» Input material
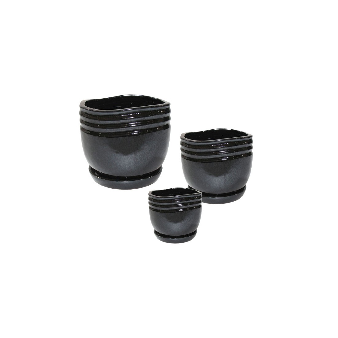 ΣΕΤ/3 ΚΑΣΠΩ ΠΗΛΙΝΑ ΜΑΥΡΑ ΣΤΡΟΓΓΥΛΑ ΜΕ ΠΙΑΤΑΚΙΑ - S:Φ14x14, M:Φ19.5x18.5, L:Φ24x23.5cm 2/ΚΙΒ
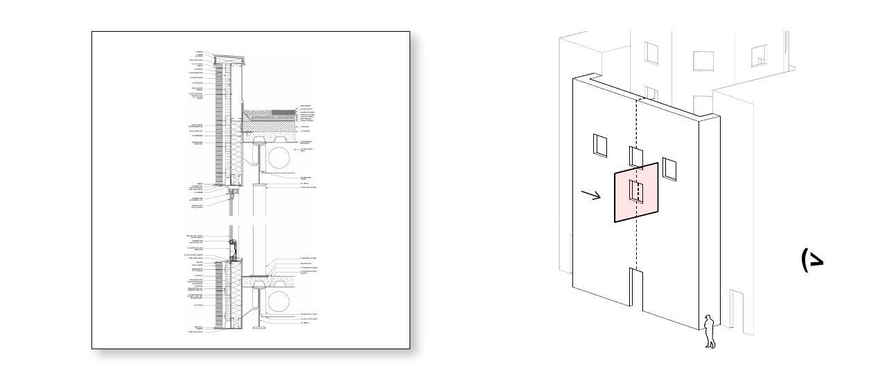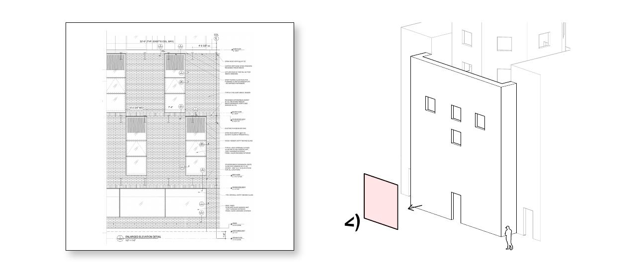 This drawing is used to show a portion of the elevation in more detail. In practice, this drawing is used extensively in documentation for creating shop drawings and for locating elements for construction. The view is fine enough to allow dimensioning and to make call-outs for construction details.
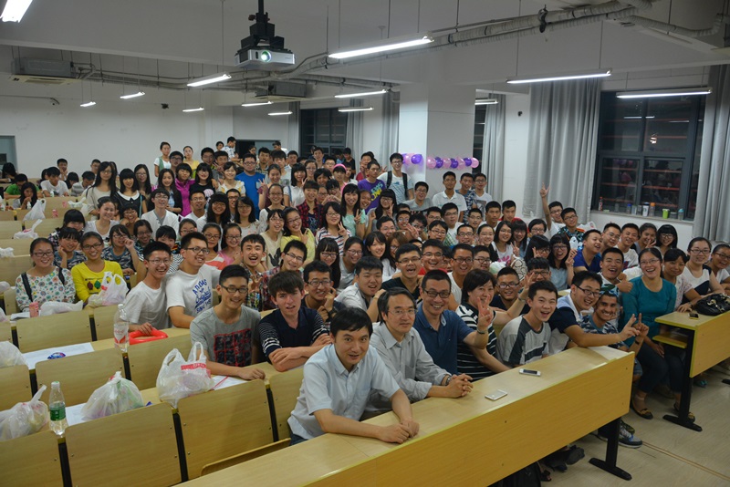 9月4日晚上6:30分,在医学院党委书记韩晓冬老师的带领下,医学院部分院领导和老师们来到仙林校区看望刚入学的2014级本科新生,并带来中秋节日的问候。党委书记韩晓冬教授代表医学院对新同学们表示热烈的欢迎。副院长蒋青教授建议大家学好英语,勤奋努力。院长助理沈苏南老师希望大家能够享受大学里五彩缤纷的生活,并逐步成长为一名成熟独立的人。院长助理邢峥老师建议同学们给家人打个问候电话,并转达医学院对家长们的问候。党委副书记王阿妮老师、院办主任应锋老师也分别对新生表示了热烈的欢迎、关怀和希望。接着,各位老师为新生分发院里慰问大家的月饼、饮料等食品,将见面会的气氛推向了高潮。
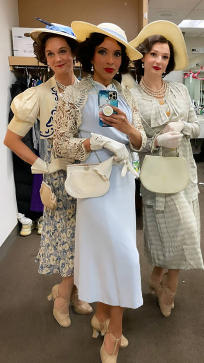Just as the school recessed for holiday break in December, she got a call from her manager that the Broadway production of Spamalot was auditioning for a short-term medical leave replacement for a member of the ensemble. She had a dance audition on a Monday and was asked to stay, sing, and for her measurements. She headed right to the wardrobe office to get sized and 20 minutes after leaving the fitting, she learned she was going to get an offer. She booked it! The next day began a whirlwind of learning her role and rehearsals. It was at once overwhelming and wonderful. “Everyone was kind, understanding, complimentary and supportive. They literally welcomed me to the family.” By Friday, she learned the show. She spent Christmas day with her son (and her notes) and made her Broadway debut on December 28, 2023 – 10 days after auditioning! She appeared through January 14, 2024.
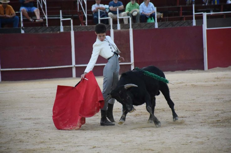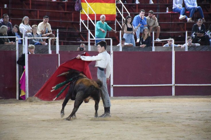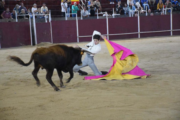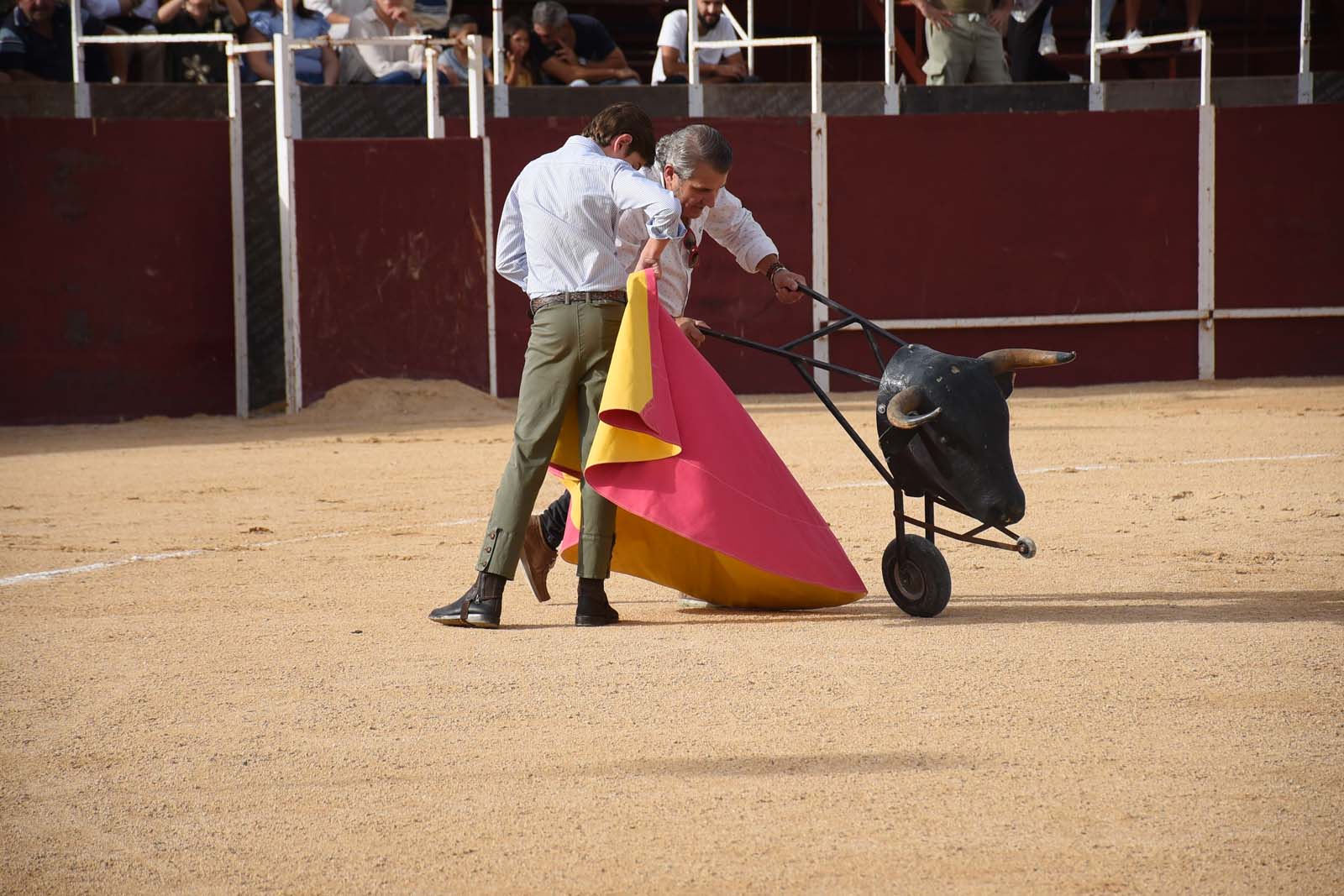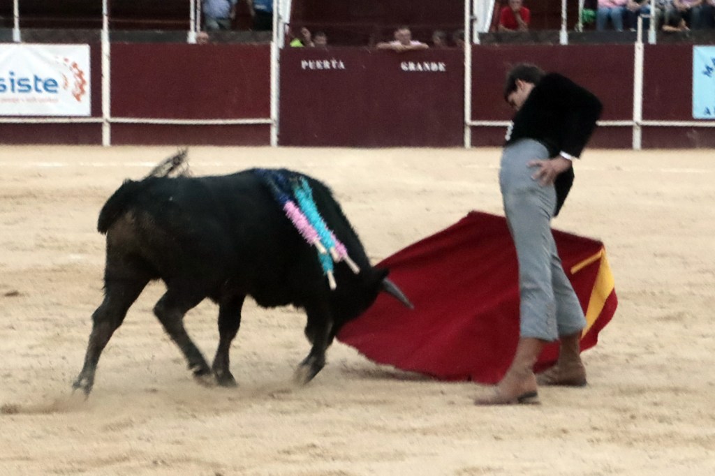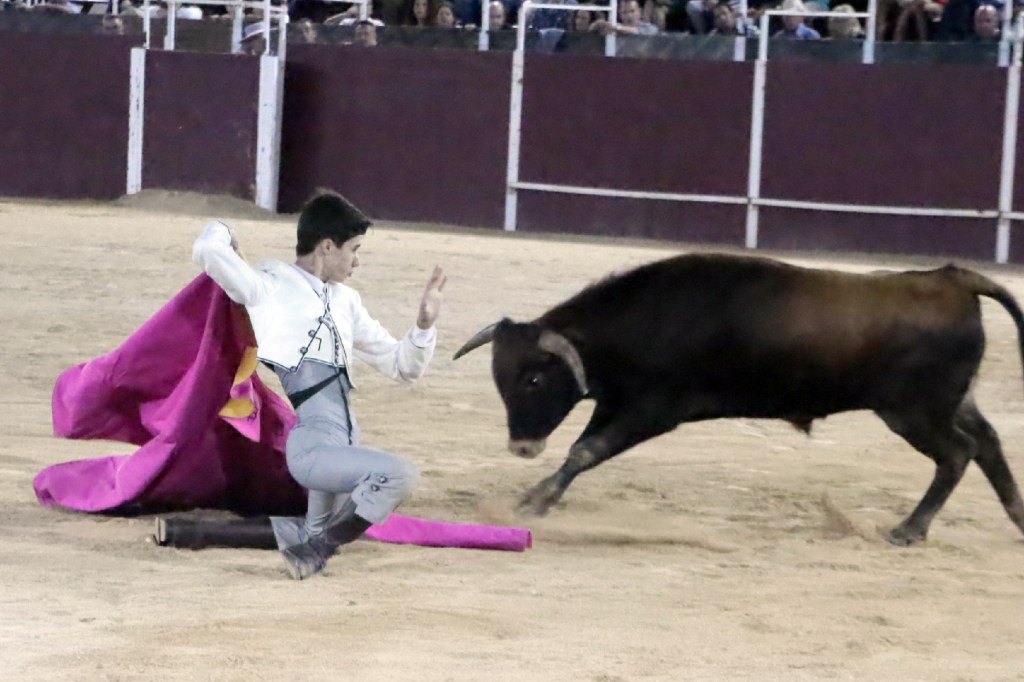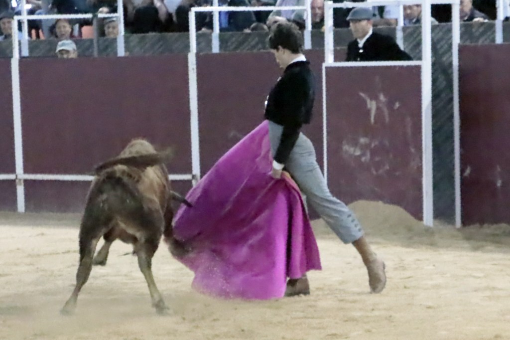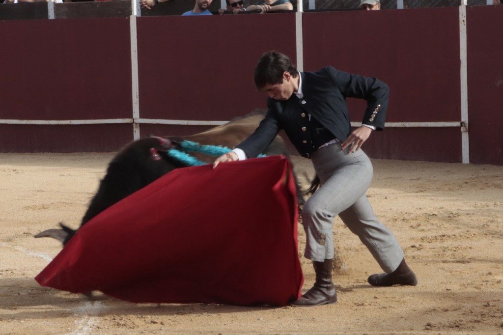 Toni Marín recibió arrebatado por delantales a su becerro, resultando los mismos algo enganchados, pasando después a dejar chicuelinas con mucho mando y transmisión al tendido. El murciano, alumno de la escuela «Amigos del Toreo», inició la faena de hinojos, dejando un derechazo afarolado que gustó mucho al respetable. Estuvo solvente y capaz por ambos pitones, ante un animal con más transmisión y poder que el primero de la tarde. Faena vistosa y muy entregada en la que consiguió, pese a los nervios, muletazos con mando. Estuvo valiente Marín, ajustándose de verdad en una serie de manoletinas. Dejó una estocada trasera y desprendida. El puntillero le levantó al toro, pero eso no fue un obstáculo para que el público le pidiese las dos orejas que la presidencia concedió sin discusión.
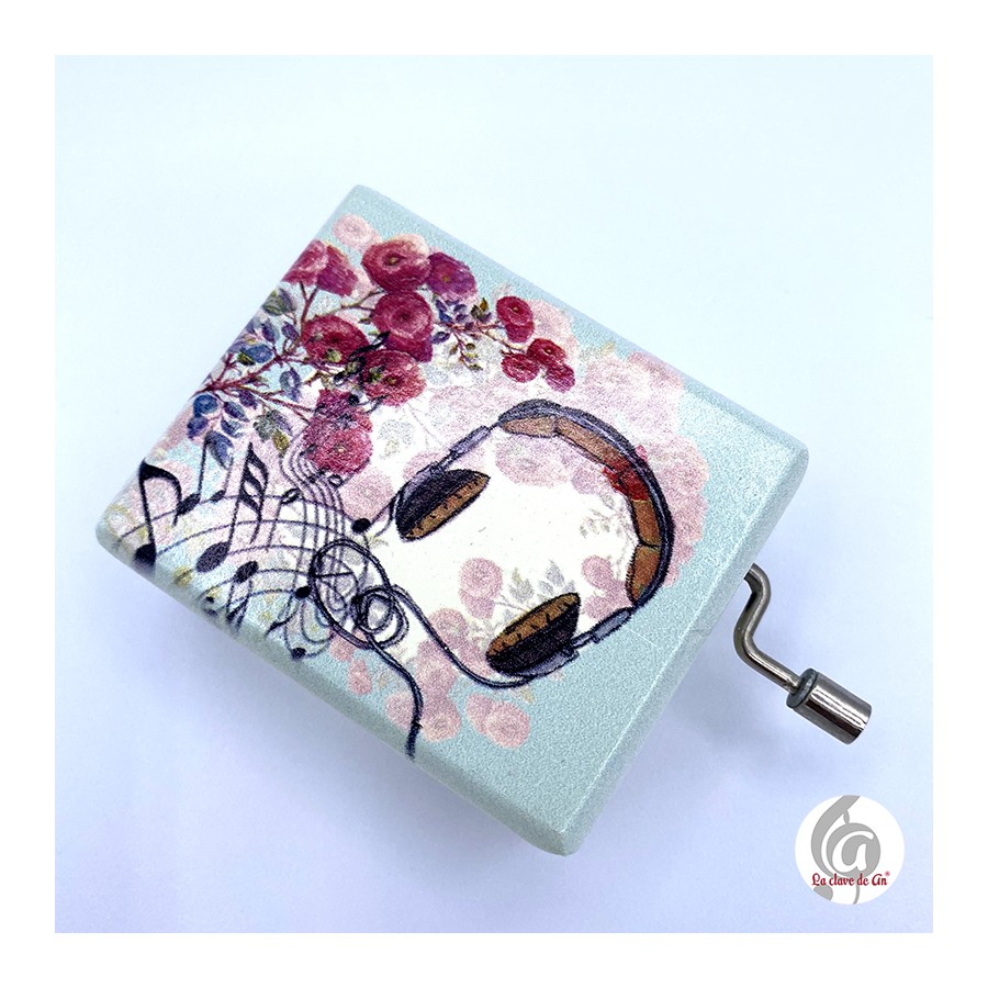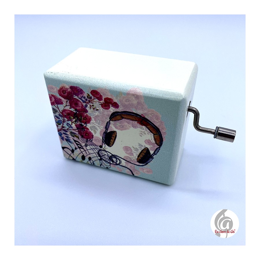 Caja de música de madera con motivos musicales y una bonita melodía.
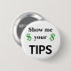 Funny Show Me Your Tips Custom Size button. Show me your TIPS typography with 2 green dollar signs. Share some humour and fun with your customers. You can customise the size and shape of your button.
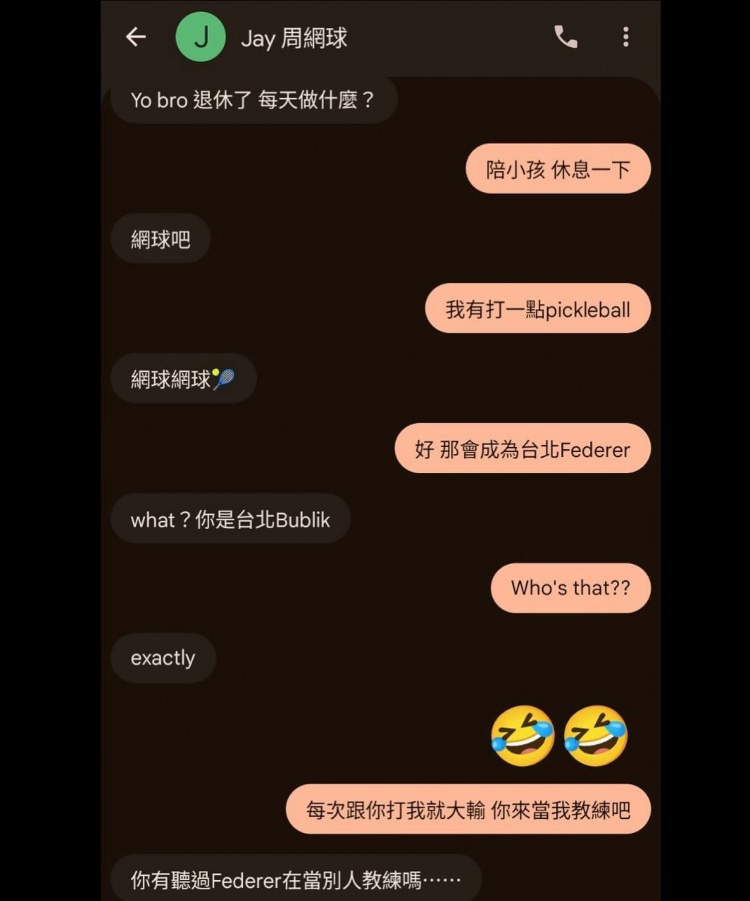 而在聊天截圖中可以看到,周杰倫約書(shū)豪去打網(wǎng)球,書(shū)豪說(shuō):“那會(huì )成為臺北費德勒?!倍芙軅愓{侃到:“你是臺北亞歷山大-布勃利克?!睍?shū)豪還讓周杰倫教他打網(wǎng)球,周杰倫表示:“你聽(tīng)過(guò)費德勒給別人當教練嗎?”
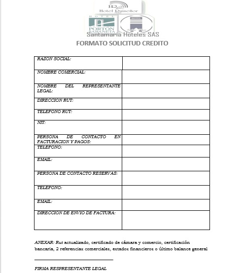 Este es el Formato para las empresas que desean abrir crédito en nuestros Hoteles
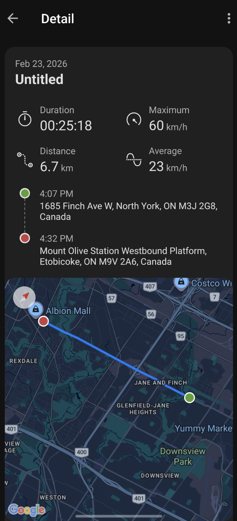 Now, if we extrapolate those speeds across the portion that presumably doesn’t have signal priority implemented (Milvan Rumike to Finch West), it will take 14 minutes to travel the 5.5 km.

» Work to complete
Each entry, word for word, belongs in your answer; each picture does not.

» Answer section
 ΣΕΤ/3 ΚΑΣΠΩ ΠΗΛΙΝΑ ΜΑΥΡΑ ΣΤΡΟΓΓΥΛΑ ΜΕ ΠΙΑΤΑΚΙΑ - S:Φ14x14, M:Φ19.5x18.5, L:Φ24x23.5cm 2/ΚΙΒ
 This drawing is used to show a portion of the elevation in more detail. In practice, this drawing is used extensively in documentation for creating shop drawings and for locating elements for construction. The view is fine enough to allow dimensioning and to make call-outs for construction details.
 9月4日晚上6:30分,在医学院党委书记韩晓冬老师的带领下,医学院部分院领导和老师们来到仙林校区看望刚入学的2014级本科新生,并带来中秋节日的问候。党委书记韩晓冬教授代表医学院对新同学们表示热烈的欢迎。副院长蒋青教授建议大家学好英语,勤奋努力。院长助理沈苏南老师希望大家能够享受大学里五彩缤纷的生活,并逐步成长为一名成熟独立的人。院长助理邢峥老师建议同学们给家人打个问候电话,并转达医学院对家长们的问候。党委副书记王阿妮老师、院办主任应锋老师也分别对新生表示了热烈的欢迎、关怀和希望。接着,各位老师为新生分发院里慰问大家的月饼、饮料等食品,将见面会的气氛推向了高潮。
Just as the school recessed for holiday break in December, she got a call from her manager that the Broadway production of Spamalot was auditioning for a short-term medical leave replacement for a member of the ensemble. She had a dance audition on a Monday and was asked to stay, sing, and for her measurements. She headed right to the wardrobe office to get sized and 20 minutes after leaving the fitting, she learned she was going to get an offer. She booked it! The next day began a whirlwind of learning her role and rehearsals. It was at once overwhelming and wonderful. “Everyone was kind, understanding, complimentary and supportive. They literally welcomed me to the family.” By Friday, she learned the show. She spent Christmas day with her son (and her notes) and made her Broadway debut on December 28, 2023 – 10 days after auditioning! She appeared through January 14, 2024.
 Toni Marín recibió arrebatado por delantales a su becerro, resultando los mismos algo enganchados, pasando después a dejar chicuelinas con mucho mando y transmisión al tendido. El murciano, alumno de la escuela «Amigos del Toreo», inició la faena de hinojos, dejando un derechazo afarolado que gustó mucho al respetable. Estuvo solvente y capaz por ambos pitones, ante un animal con más transmisión y poder que el primero de la tarde. Faena vistosa y muy entregada en la que consiguió, pese a los nervios, muletazos con mando. Estuvo valiente Marín, ajustándose de verdad en una serie de manoletinas. Dejó una estocada trasera y desprendida. El puntillero le levantó al toro, pero eso no fue un obstáculo para que el público le pidiese las dos orejas que la presidencia concedió sin discusión.
 Caja de música de madera con motivos musicales y una bonita melodía.
 Funny Show Me Your Tips Custom Size button. Show me your TIPS typography with 2 green dollar signs. Share some humour and fun with your customers. You can customise the size and shape of your button.
 而在聊天截圖中可以看到,周杰倫約書(shū)豪去打網(wǎng)球,書(shū)豪說(shuō):“那會(huì )成為臺北費德勒?!倍芙軅愓{侃到:“你是臺北亞歷山大-布勃利克?!睍?shū)豪還讓周杰倫教他打網(wǎng)球,周杰倫表示:“你聽(tīng)過(guò)費德勒給別人當教練嗎?”
 Este es el Formato para las empresas que desean abrir crédito en nuestros Hoteles
 Now, if we extrapolate those speeds across the portion that presumably doesn’t have signal priority implemented (Milvan Rumike to Finch West), it will take 14 minutes to travel the 5.5 km.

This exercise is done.